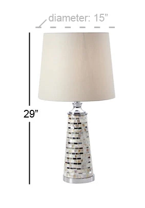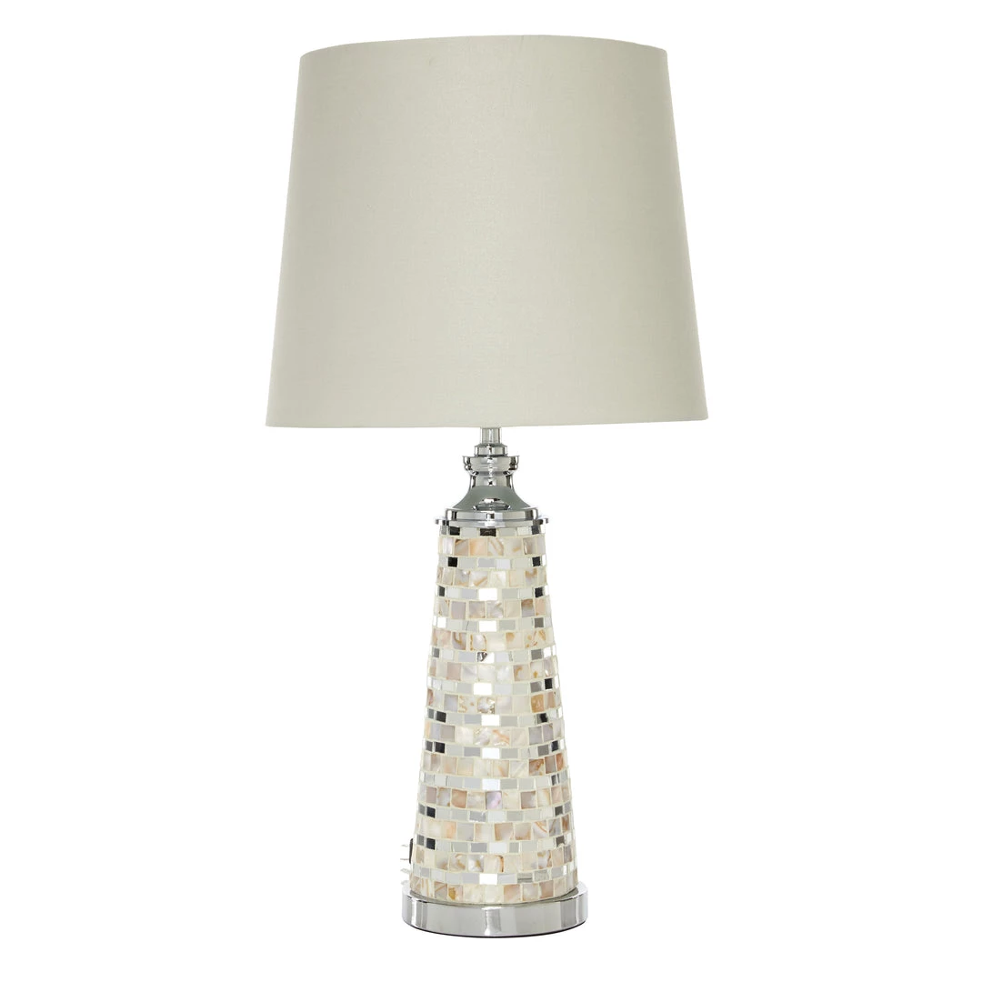 A smart modern piece, this mother of pearl mosaic lamp will garner the compliments. Striking and transitional, it’s topped with a simple off white shade.Â
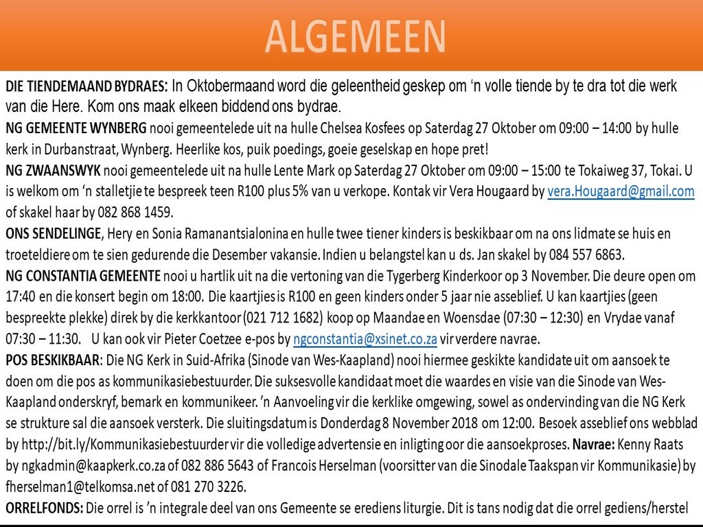 NGVishoek Nuusbrief 22 Oktober 2018
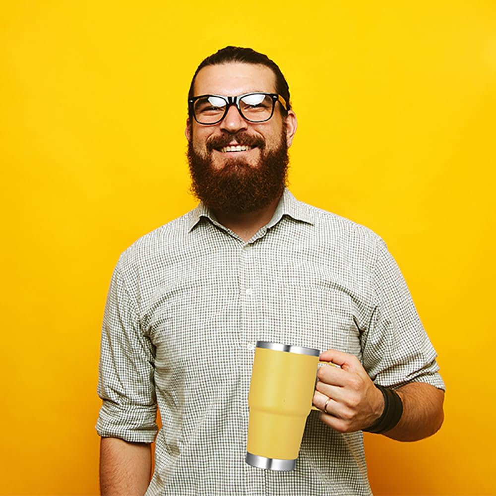 • Colored Powder Coated Tumbler: The stainless steel coffee mug is crafted with stylish color powder coating, gives you multiple color options. It's cool to touch when filling with hot water and also sweat proof with cold water, always keep your hands comfortable while holding the coffee travel mug with handle
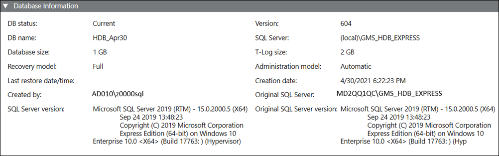 Original SQL Server version | Displays the original version of the SQL Server used to create the History Database. |
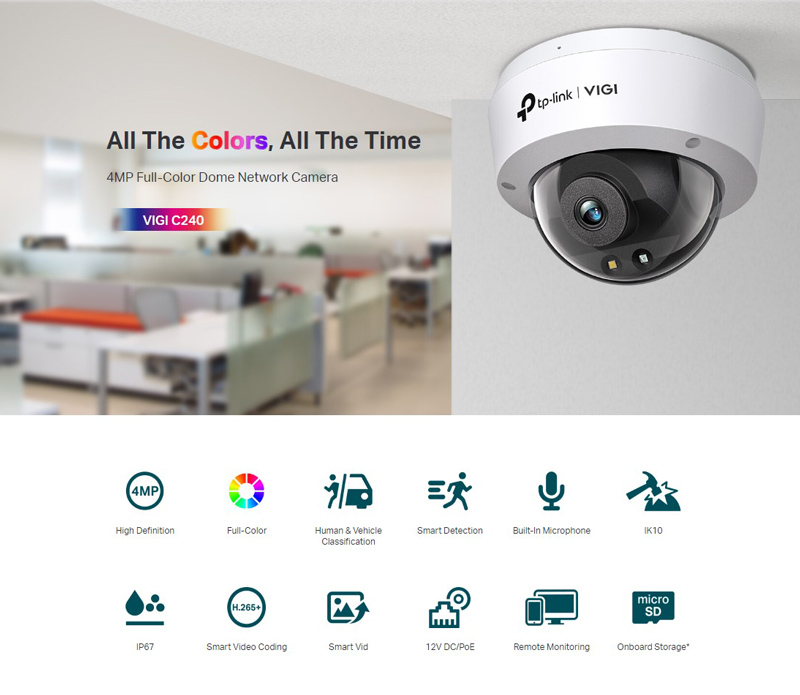 Δικτυακή κάμερα της TP-LINK με φακό 4mm και αισθητήρα ανάλυσης 4MP. Υποστηρίζει έγχρωμη νυχτερινή όραση, τροφοδοσία PoE, καταγραφή σε κάρτα micro SD (δεν συμπεριλαμβάνεται) και εξοπλίζεται με εσωτερικό μικρόφωνο για μεταφορά ήχου.
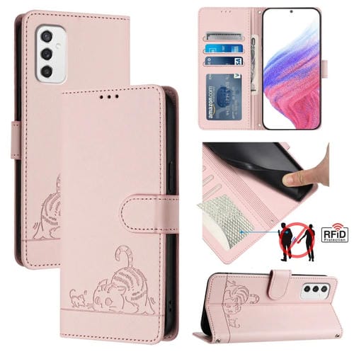 Estuche para teléfono Samsung Galaxy M52 5G Cat Rat cuero Rfid patrón en relieve con cordón (Rosa)
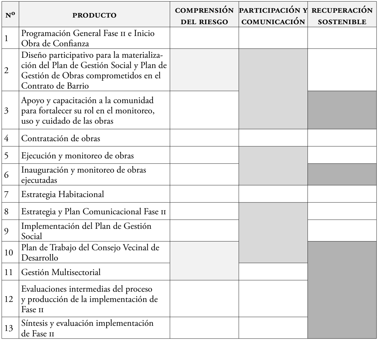 Respecto a la propuesta de estrategias para la Fase II, la Tabla 4 muestra una supremacía de la aplicación de las dimensiones de Participación y Comunicación y Recuperación Sostenible, al igual que en la fase anterior, pero esta vez con mayor énfasis en los productos relacionados con la ciudadanía; entre ellos, el plan de trabajo del Consejo Vecinal de Desarrollo, la gestión multisectorial, las evaluaciones intermedias del proceso y producción, así como la síntesis y evaluación de la implementación de la Fase II. En esta etapa, la Comprensión del Riesgo se establece como una estrategia que nutre el diseño participativo tanto para la materialización del Plan de Gestión Social y el Plan de Gestión de Obras comprometidos en el Contrato de Barrio, como en el plan de trabajo del Consejo Vecinal de Desarrollo y la gestión multisectorial.
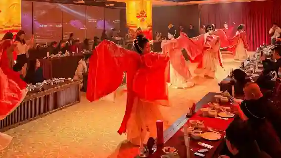 Immersive cultural experience: Professional actors portray historical figures like Emperor Tang and Li Bai, accompanied by Tang dynasty music and dance in authentic costumes. With elaborate stage sets, this 90-minute performance transports you to the golden age of Tang Dynasty, offering both visual splendor and historical depth that far surpasses ordinary dining experiences.
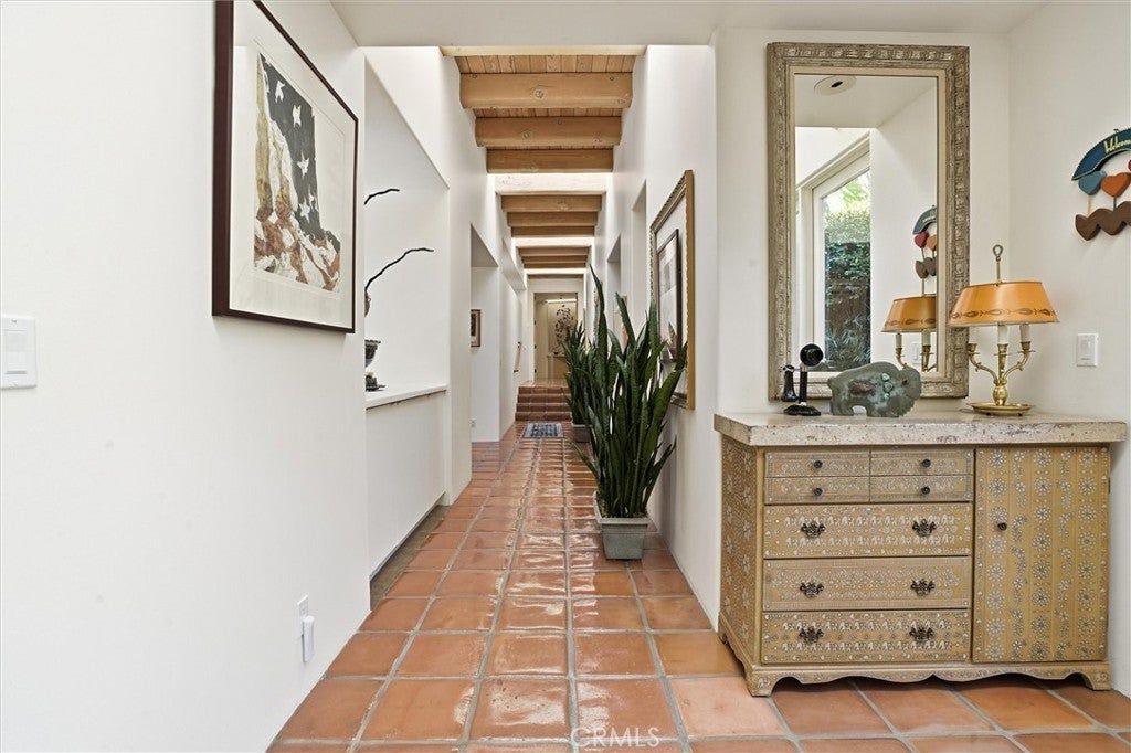 Experience timeless Montecito-inspired elegance in this beautifully crafted custom home. From the moment you arrive, the home’s architectural character stands out. A private courtyard entrance, tall arched front door, and dramatic, playful entry sequence set the tone. Step inside and be greeted by a Zen-like atrium with a spectacular waterfall feature, creating an immediate sense of calm and sophistication. Throughout the home, high ceilings with exposed wood beams, smooth stucco walls, and polished Saltillo tile floors enhance the warm, authentic style. The luxurious primary wing offers exceptional privacy, beginning with a beautiful office featuring custom built-ins. The expansive primary suite includes a serene sitting area, fireplace, and spa-like full bathroom with two separate vanity areas. The two guest ensuites are thoughtfully designed at the opposite end of the home, ideal for privacy and comfort—one of which currently serves as a perfect den. The living room and formal dining room combine into one expansive, inviting space, centered around a striking fireplace flanked by French doors and large picture windows. The sun-filled kitchen is both stylish and functional, offering a large center island, Sub-Zero refrigerator, and 6-burner Thermador range. The adjoining breakfast area, complete with its own fireplace and French doors, opens to a lovely patio—perfect for morning coffee or relaxed al fresco dining. Enjoy lower utility costs with the home’s owner-owned solar system, a valuable upgrade that provides efficient, eco-friendly power. Rich architectural detail, elegant indoor–outdoor flow, and a uniquely serene atmosphere make this home a one-of-a-kind offering.
════════════════
_What you need to do:_
Print only the lines from the opening line of the listing to the line containing "NGVishoek Nuusbrief 22 Oktober 2018", inclusive, exactly as they appear and without pictures.

_Answer box:_
 A smart modern piece, this mother of pearl mosaic lamp will garner the compliments. Striking and transitional, it’s topped with a simple off white shade.Â
 NGVishoek Nuusbrief 22 Oktober 2018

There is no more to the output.